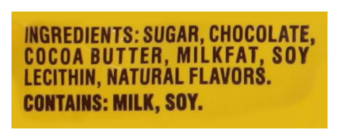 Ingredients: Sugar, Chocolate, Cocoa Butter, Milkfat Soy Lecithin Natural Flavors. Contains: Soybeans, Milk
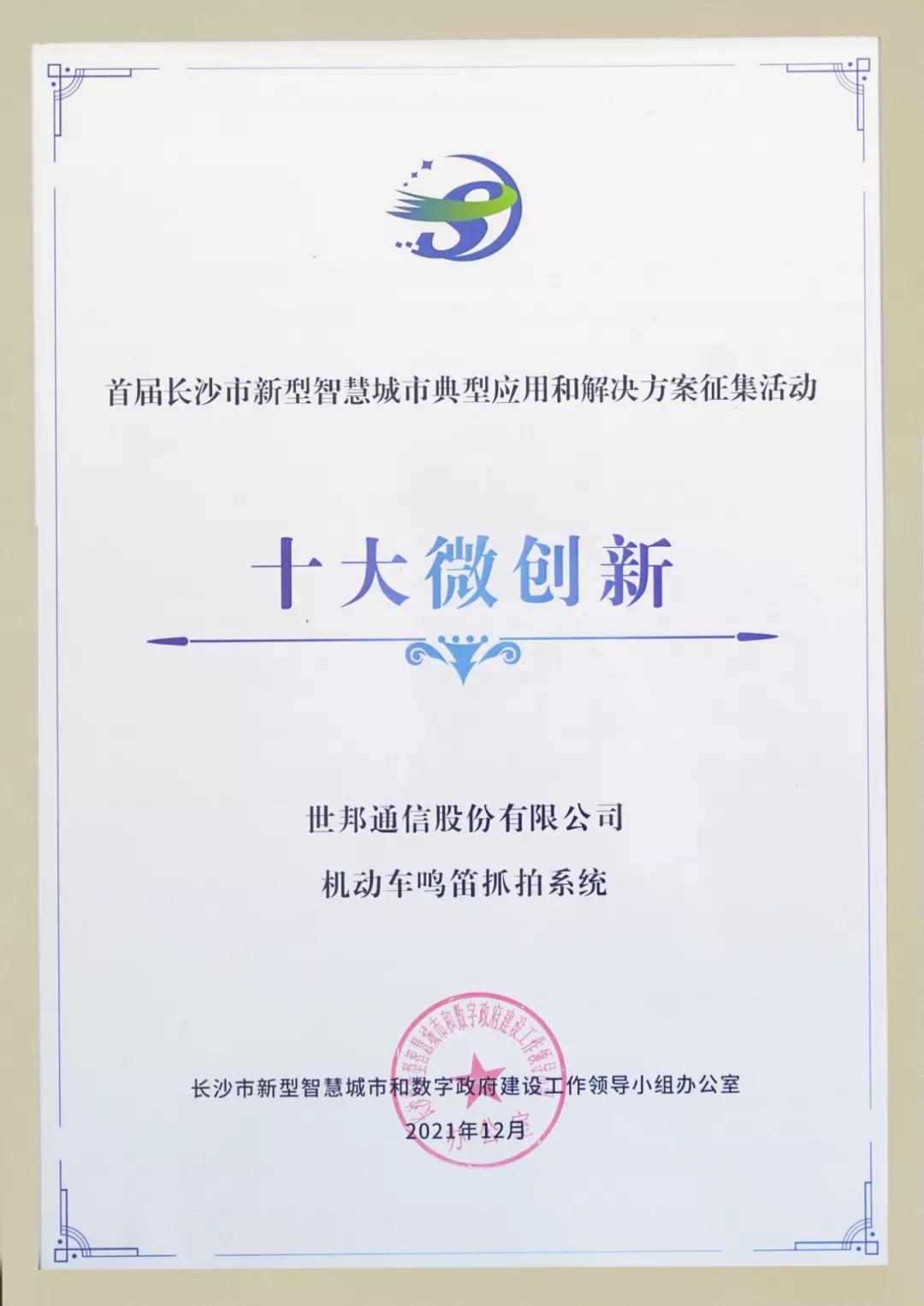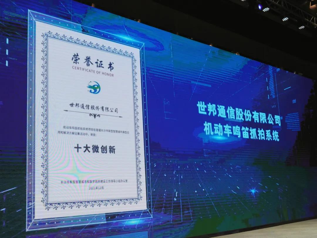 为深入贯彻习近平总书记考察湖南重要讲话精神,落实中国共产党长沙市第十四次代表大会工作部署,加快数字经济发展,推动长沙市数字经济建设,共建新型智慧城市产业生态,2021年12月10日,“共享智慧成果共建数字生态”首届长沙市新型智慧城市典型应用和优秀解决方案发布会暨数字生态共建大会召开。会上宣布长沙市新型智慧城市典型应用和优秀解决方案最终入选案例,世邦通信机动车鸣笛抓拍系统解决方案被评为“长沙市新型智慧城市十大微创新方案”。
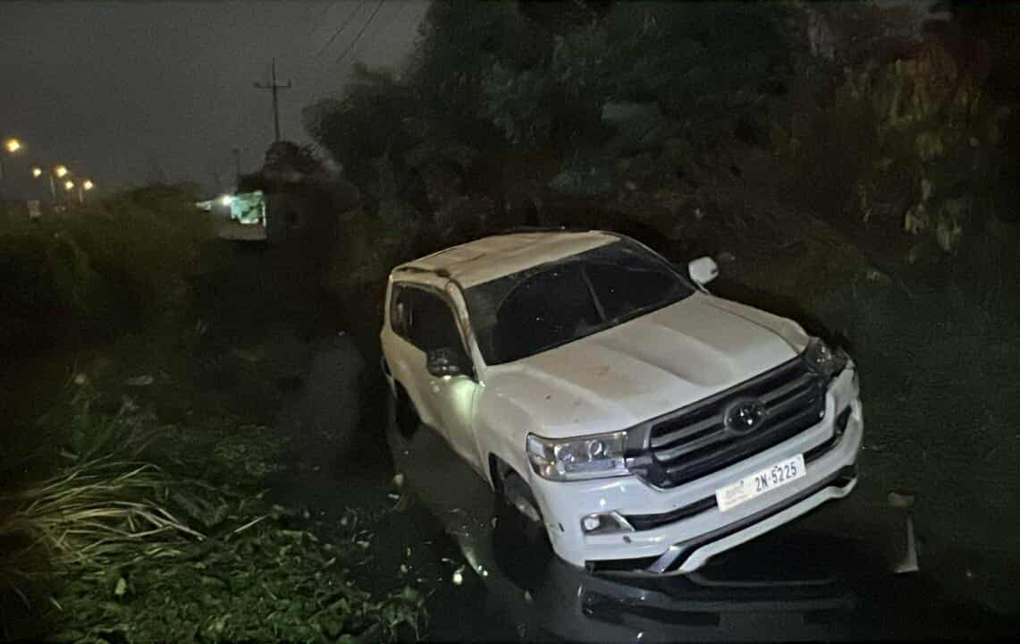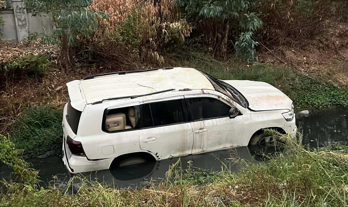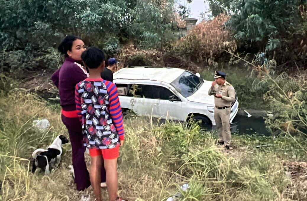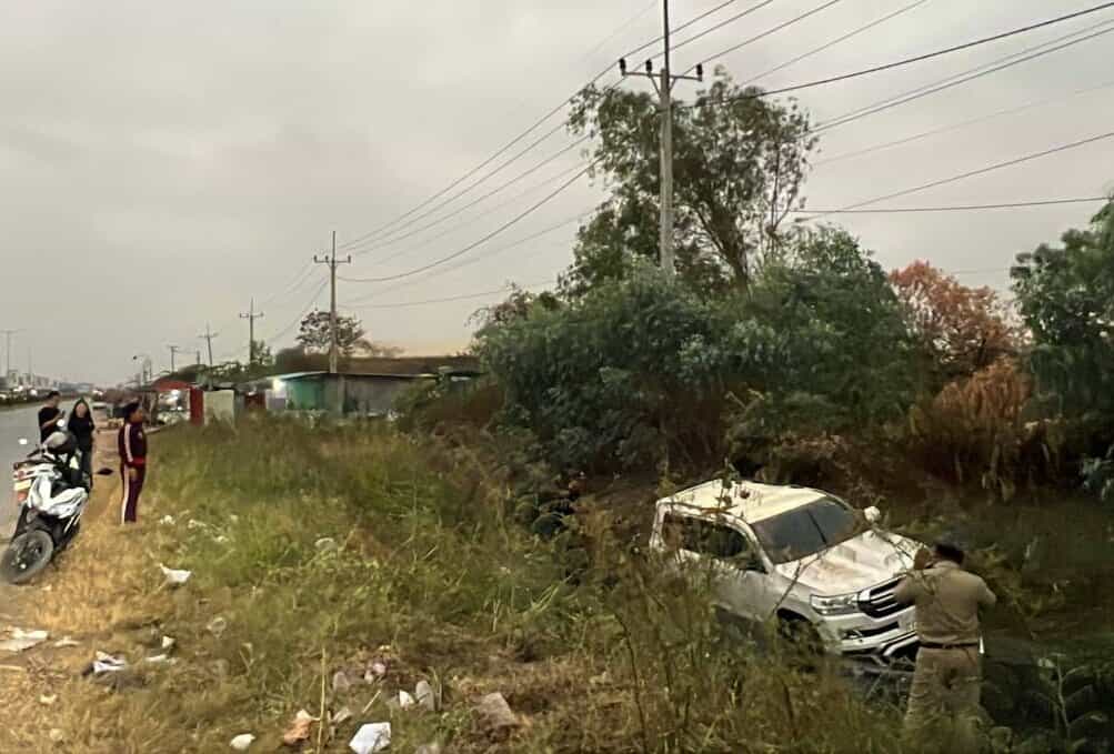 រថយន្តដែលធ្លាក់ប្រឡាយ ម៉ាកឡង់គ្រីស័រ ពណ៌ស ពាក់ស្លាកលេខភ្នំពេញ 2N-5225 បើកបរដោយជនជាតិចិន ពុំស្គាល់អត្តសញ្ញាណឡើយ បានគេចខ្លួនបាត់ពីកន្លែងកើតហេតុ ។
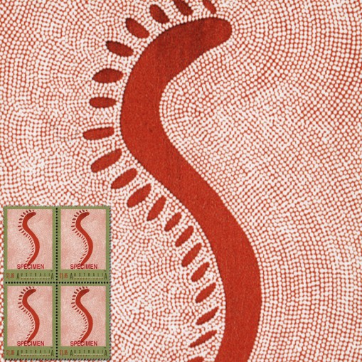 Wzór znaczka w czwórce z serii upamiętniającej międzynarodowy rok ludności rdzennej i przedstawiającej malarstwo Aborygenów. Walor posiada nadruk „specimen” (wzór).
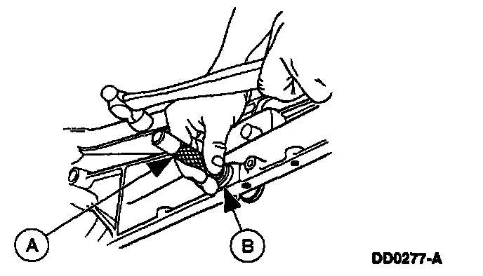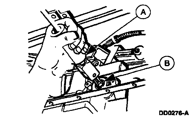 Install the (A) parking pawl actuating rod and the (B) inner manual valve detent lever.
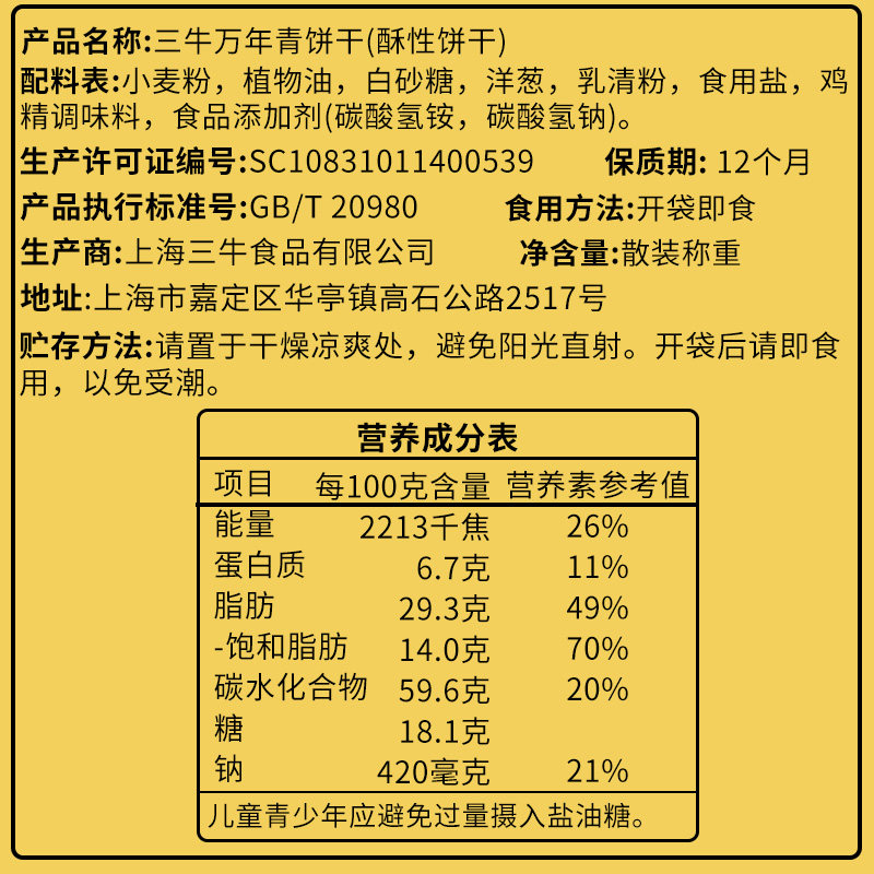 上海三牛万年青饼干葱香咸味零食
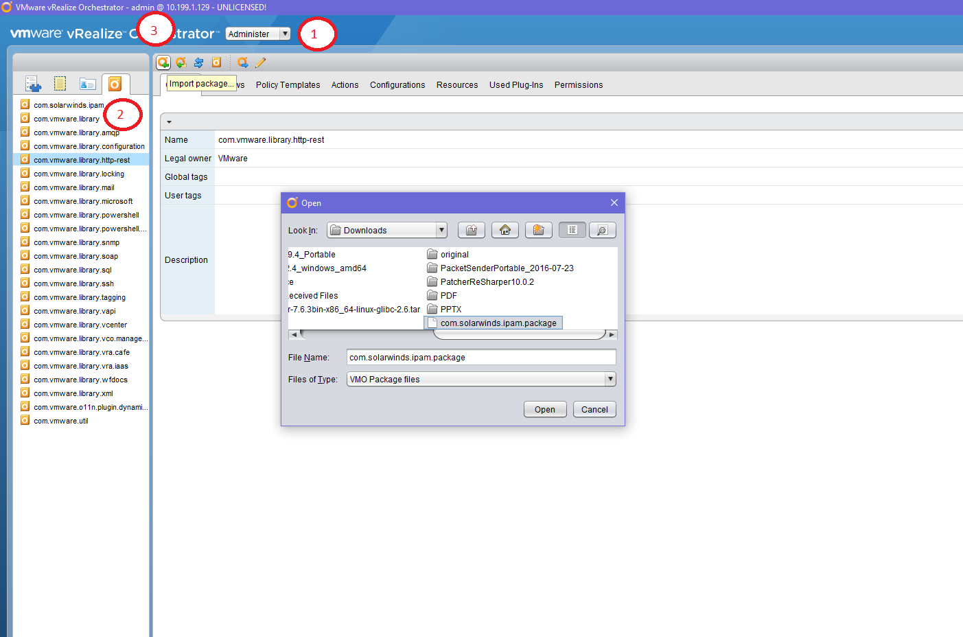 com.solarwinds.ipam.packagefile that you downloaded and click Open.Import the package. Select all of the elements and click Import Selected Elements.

=-=-=

◆ **ASSIGNMENT**
The answer is the records above, repeated exactly, with no picture in it.

◆ **RESPONSE TO THE EXERCISE**
 Ingredients: Sugar, Chocolate, Cocoa Butter, Milkfat Soy Lecithin Natural Flavors. Contains: Soybeans, Milk
 为深入贯彻习近平总书记考察湖南重要讲话精神,落实中国共产党长沙市第十四次代表大会工作部署,加快数字经济发展,推动长沙市数字经济建设,共建新型智慧城市产业生态,2021年12月10日,“共享智慧成果共建数字生态”首届长沙市新型智慧城市典型应用和优秀解决方案发布会暨数字生态共建大会召开。会上宣布长沙市新型智慧城市典型应用和优秀解决方案最终入选案例,世邦通信机动车鸣笛抓拍系统解决方案被评为“长沙市新型智慧城市十大微创新方案”。
 រថយន្តដែលធ្លាក់ប្រឡាយ ម៉ាកឡង់គ្រីស័រ ពណ៌ស ពាក់ស្លាកលេខភ្នំពេញ 2N-5225 បើកបរដោយជនជាតិចិន ពុំស្គាល់អត្តសញ្ញាណឡើយ បានគេចខ្លួនបាត់ពីកន្លែងកើតហេតុ ។
 Wzór znaczka w czwórce z serii upamiętniającej międzynarodowy rok ludności rdzennej i przedstawiającej malarstwo Aborygenów. Walor posiada nadruk „specimen” (wzór).
 Install the (A) parking pawl actuating rod and the (B) inner manual valve detent lever.
 上海三牛万年青饼干葱香咸味零食
 com.solarwinds.ipam.packagefile that you downloaded and click Open.Import the package. Select all of the elements and click Import Selected Elements.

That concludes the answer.